Natural selection is also indicated in our analysis of the influence of genomic factors on the timing of gene loss. Gene expression levels are generally higher for genes whose duplicate partner was lost after the split of C. glabrata and S. cerevisiae compared to those whose partner was lost earlier. It also appears that less dispensable genes are more likely to have survived in duplicate until this point. While it is intuitively straightforward to imagine a dosage constraint on the loss of a duplicate gene, it is less clear how loss rates are associated with the knockout fitness defect of the surviving gene copy. We find that a single-copy gene in S. cerevisiae is more likely to have a single-copy paralog in C. glabrata if it is essential than if it is dispensable (Figure 5). One possible explanation for this observation is that duplicate pairs are retained to buffer against deleterious mutations (Gu et al. 2003), although this would require selection for mutational robustness, which is theoretically problematic (Cooke et al. 1997; Nowak et al. 1997). One could also argue that if WGD creates functionally divergent paralogous networks (Conant and Wolfe 2006), where most members are duplicates derived from WGD, those network members that revert to single copy might consequently show strong essentiality due to their dual roles.

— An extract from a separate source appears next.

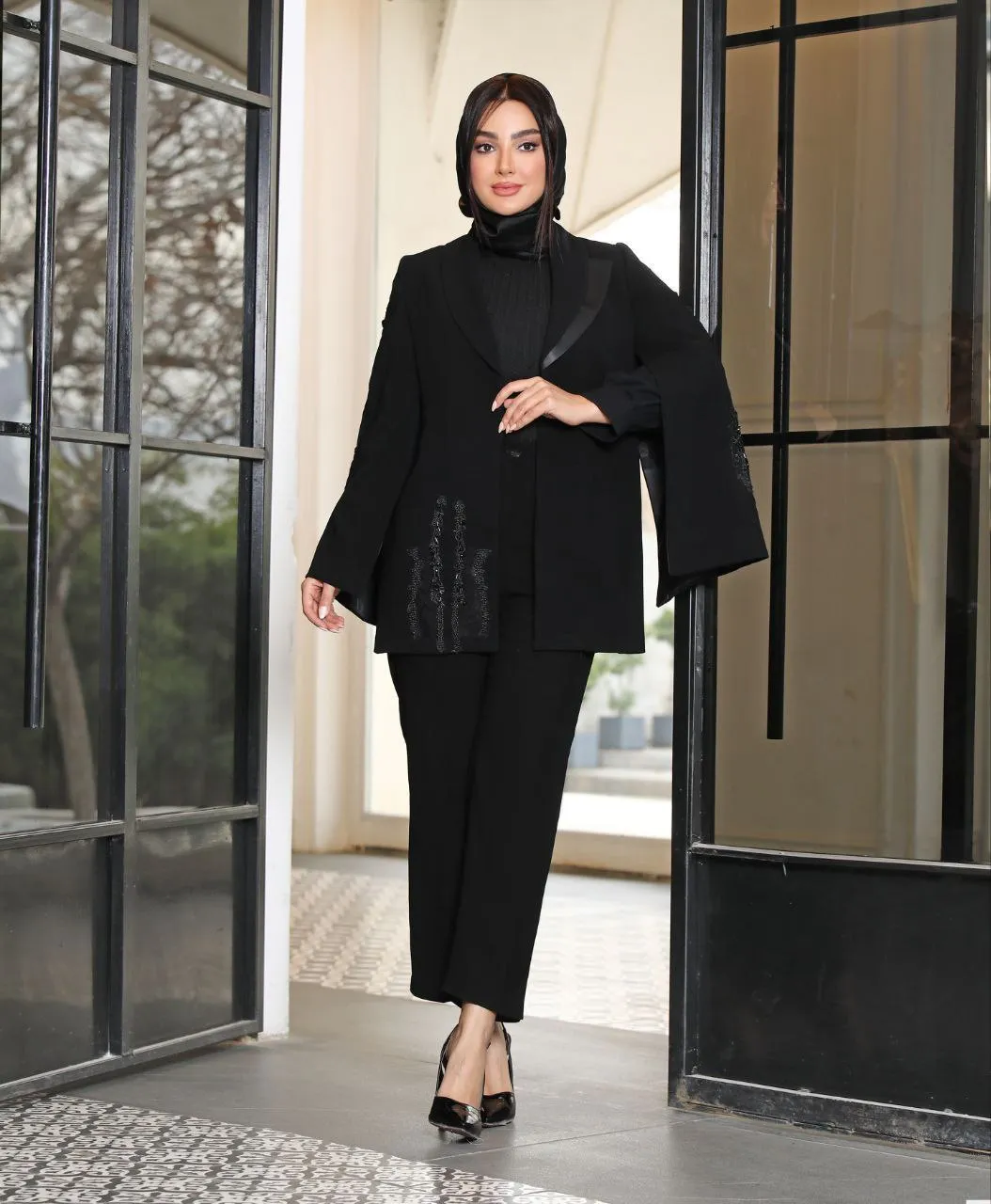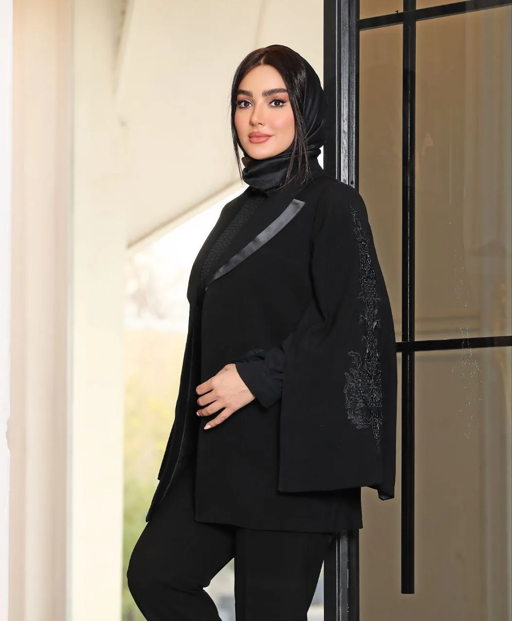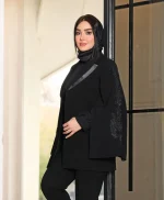 🧵جنس پارچه : کرپ مرویجت جت بلک/داخل لایی پرشین/آستین ۲تیکه و گلدوزی و مرواریددوزی با دست

We suggest that our results support Ohno's original contention that WGD is an important route to functional innovation because it is able to overcome constraints on gene dosage (Ohno 1970), an insight supported by a recent analysis of 17 fungal genomes (Wapinski et al. 2007). Yeast exhibits constraints of this nature (Papp et al. 2003), suggesting that not just the absolute expression level (Figure 5) but also the relative expression levels between gene copies may be of importance in determining when a duplicate gene may be lost. In this vein, we note that in Arabidopsis thaliana functional categories of gene duplicates that survive from WGD tend not to have duplicates survive from other duplications (Maere et al. 2005), just as would be expected if the duplicates preserved from WGD were constrained in relative dosage and hence could not be duplicated independently.
Whatever the role of natural selection late in the resolution of the WGD, it appears that the early gene losses (those occurring around the time of the split of K. polysporus from the remaining species) resulted primarily from genetic drift. This is an interesting conclusion, suggesting as it does that there are both dosage-sensitive and dosage-insensitive loci in the yeast genome that respond differently to WGD. Such a distinction has previously been suggested by the fact that functional categories of genes seem to have had similar responses to WGD in several independent genome duplications (Paterson et al. 2006).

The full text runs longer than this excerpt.